> **WHAT THE EXERCISE ASKS**: Reproduce, exactly and in full, only the lines below from the one containing "Apartment for Sale" through the one containing "Gökdere Mahallesi'ndeki ormanda, saat".

> **SUPPLIED MATERIAL**:
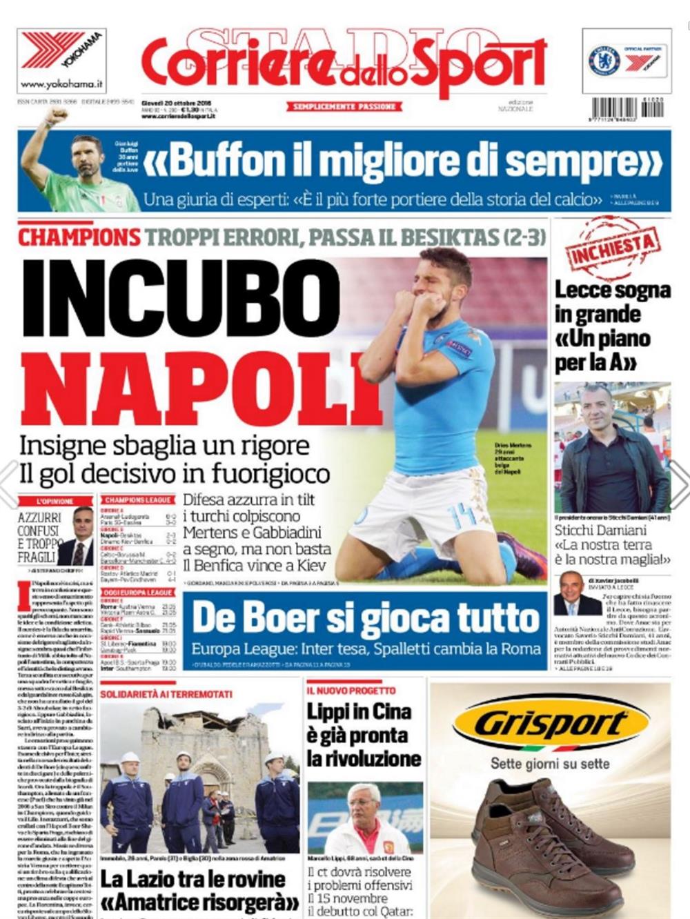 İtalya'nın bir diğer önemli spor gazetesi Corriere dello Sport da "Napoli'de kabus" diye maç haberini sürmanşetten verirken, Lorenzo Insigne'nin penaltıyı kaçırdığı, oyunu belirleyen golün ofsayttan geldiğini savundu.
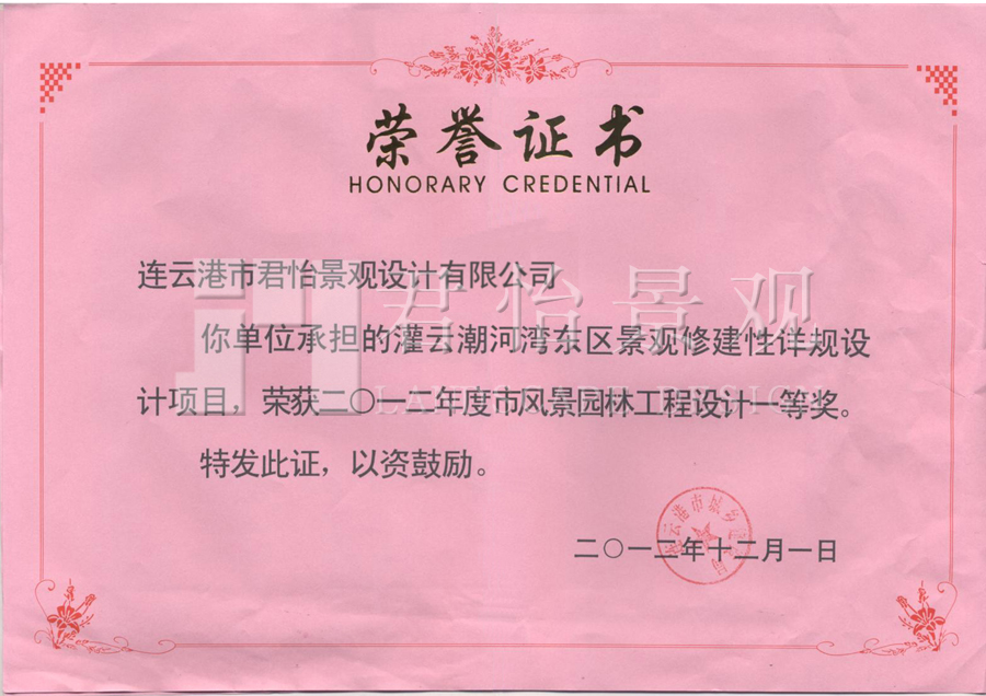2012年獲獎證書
--
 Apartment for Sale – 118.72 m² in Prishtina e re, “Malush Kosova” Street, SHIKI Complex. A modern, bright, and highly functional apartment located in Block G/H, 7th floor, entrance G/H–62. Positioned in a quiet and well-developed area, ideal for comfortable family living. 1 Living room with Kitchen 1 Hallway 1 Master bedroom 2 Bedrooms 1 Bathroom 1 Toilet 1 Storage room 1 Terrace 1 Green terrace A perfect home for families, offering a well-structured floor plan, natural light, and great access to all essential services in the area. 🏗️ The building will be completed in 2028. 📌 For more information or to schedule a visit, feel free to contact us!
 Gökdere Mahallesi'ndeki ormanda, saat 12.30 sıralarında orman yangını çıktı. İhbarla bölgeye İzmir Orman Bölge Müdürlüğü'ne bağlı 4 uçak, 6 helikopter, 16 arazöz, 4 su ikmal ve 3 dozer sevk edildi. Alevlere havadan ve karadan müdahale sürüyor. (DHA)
--
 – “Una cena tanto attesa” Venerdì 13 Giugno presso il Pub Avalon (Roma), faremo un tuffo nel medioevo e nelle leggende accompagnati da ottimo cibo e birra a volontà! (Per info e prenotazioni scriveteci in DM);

> **ANSWER BOX**:
 Apartment for Sale – 118.72 m² in Prishtina e re, “Malush Kosova” Street, SHIKI Complex. A modern, bright, and highly functional apartment located in Block G/H, 7th floor, entrance G/H–62. Positioned in a quiet and well-developed area, ideal for comfortable family living. 1 Living room with Kitchen 1 Hallway 1 Master bedroom 2 Bedrooms 1 Bathroom 1 Toilet 1 Storage room 1 Terrace 1 Green terrace A perfect home for families, offering a well-structured floor plan, natural light, and great access to all essential services in the area. 🏗️ The building will be completed in 2028. 📌 For more information or to schedule a visit, feel free to contact us!
 Gökdere Mahallesi'ndeki ormanda, saat 12.30 sıralarında orman yangını çıktı. İhbarla bölgeye İzmir Orman Bölge Müdürlüğü'ne bağlı 4 uçak, 6 helikopter, 16 arazöz, 4 su ikmal ve 3 dozer sevk edildi. Alevlere havadan ve karadan müdahale sürüyor. (DHA)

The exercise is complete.